Volodymyr Zelensky, prenant la parole à ses côtés, a été enthousiaste, évoquant de « grandes avancées », avec « 90% » du plan de paix américain en vingt points « approuvé », des « garanties de sécurité » pour l’Ukraine « approuvées » pour certaines et « presque approuvées » pour d’autres, ainsi qu’un « plan de prospérité en cours de finalisation ». Parallèlement, le président français Emmanuel Macron a annoncé lundi une réunion des alliés de Kiev à Paris début janvier, pour discuter des garanties de sécurité pour l’Ukraine dans le cadre d’un accord de paix.

Volodymyr Zelensky avait beaucoup à gagner avec cette rencontre, cherchant principalement à obtenir l’approbation de Donald Trump sur une nouvelle version du plan de paix présentée par Washington il y a près d’un mois, qui a été retravaillée après des négociations intenses menées par Kiev, qui considérait la première version trop proche des revendications russes. La nouvelle version propose un gel du front sur les positions actuelles sans offrir de solution immédiate aux revendications territoriales de la Russie, qui contrôle environ 20% de l’Ukraine. Ce nouveau document abandonne également deux exigences essentielles du Kremlin : le retrait des troupes ukrainiennes de la région de Donetsk, dans le Donbass, et un engagement juridiquement contraignant pour l’Ukraine de ne pas adhérer à l’Otan.

Concernant le Donbass, question centrale pour toute issue au conflit, Donald Trump a assuré : « Nous nous rapprochons beaucoup, peut-être même de très près, » d’un accord. Quelques heures avant cette rencontre, le président américain a eu un échange téléphonique avec Vladimir Poutine, qu’il a qualifié de « très productif ». Cependant, alors que l’Ukraine et les dirigeants européens accusent Poutine d’être responsable de la poursuite de la guerre qu’il a lui-même déclenchée, Trump a considéré le leader du Kremlin aussi « sérieux » que Zelensky dans sa volonté de mettre fin au conflit.

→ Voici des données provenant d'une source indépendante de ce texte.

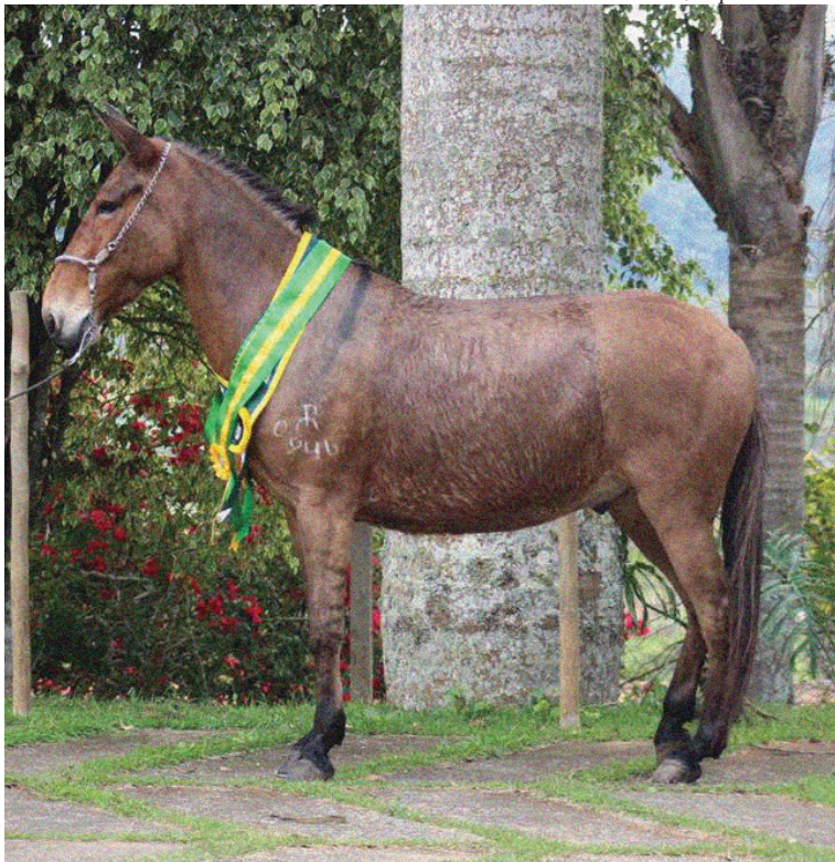
Burro Lampião MAZ

De son côté, le Kremlin a à nouveau exhorté l’Ukraine à prendre « la décision courageuse » de se retirer de la partie orientale de la région de Donetsk qu’elle contrôle encore, condition majeure de la Russie pour arrêter les hostilités. Après leurs discussions, Zelensky et Trump ont également discuté au téléphone avec plusieurs dirigeants européens, qui, la veille, avaient exprimé leur « profond soutien » à Kiev. Pour intensifier la pression, la Russie a bombardé Kiev et sa région samedi, privant d’électricité pendant des heures plus d’un million de foyers, avant d’annoncer la prise de deux nouvelles villes dans l’est de l’Ukraine.

Pour la Russie, qui a trouvé en Donald Trump un relais efficace pour certaines de ses revendications, « l’Europe et l’Union européenne sont devenues le principal obstacle à la paix », selon le ministre des Affaires étrangères Sergueï Lavrov. Le président américain, manifestant son agacement face à la lenteur des négociations, « est extrêmement frustré par les deux camps », a déclaré le 11 décembre sa porte-parole Karoline Leavitt. En plus du sort du Donbass, cette région de l’Est de l’Ukraine que Moscou revendique, et celui de la centrale nucléaire de Zaporijjia occupée par les troupes russes dans le sud, les deux dirigeants ont discuté des garanties de sécurité que les pays occidentaux pourraient offrir dans le cadre d’un éventuel accord de paix. « Il y aura des garanties de sécurité. Elles seront fortes. Et les pays européens sont très impliqués », a assuré dimanche le président américain sur le perron de Mar-a-Lago.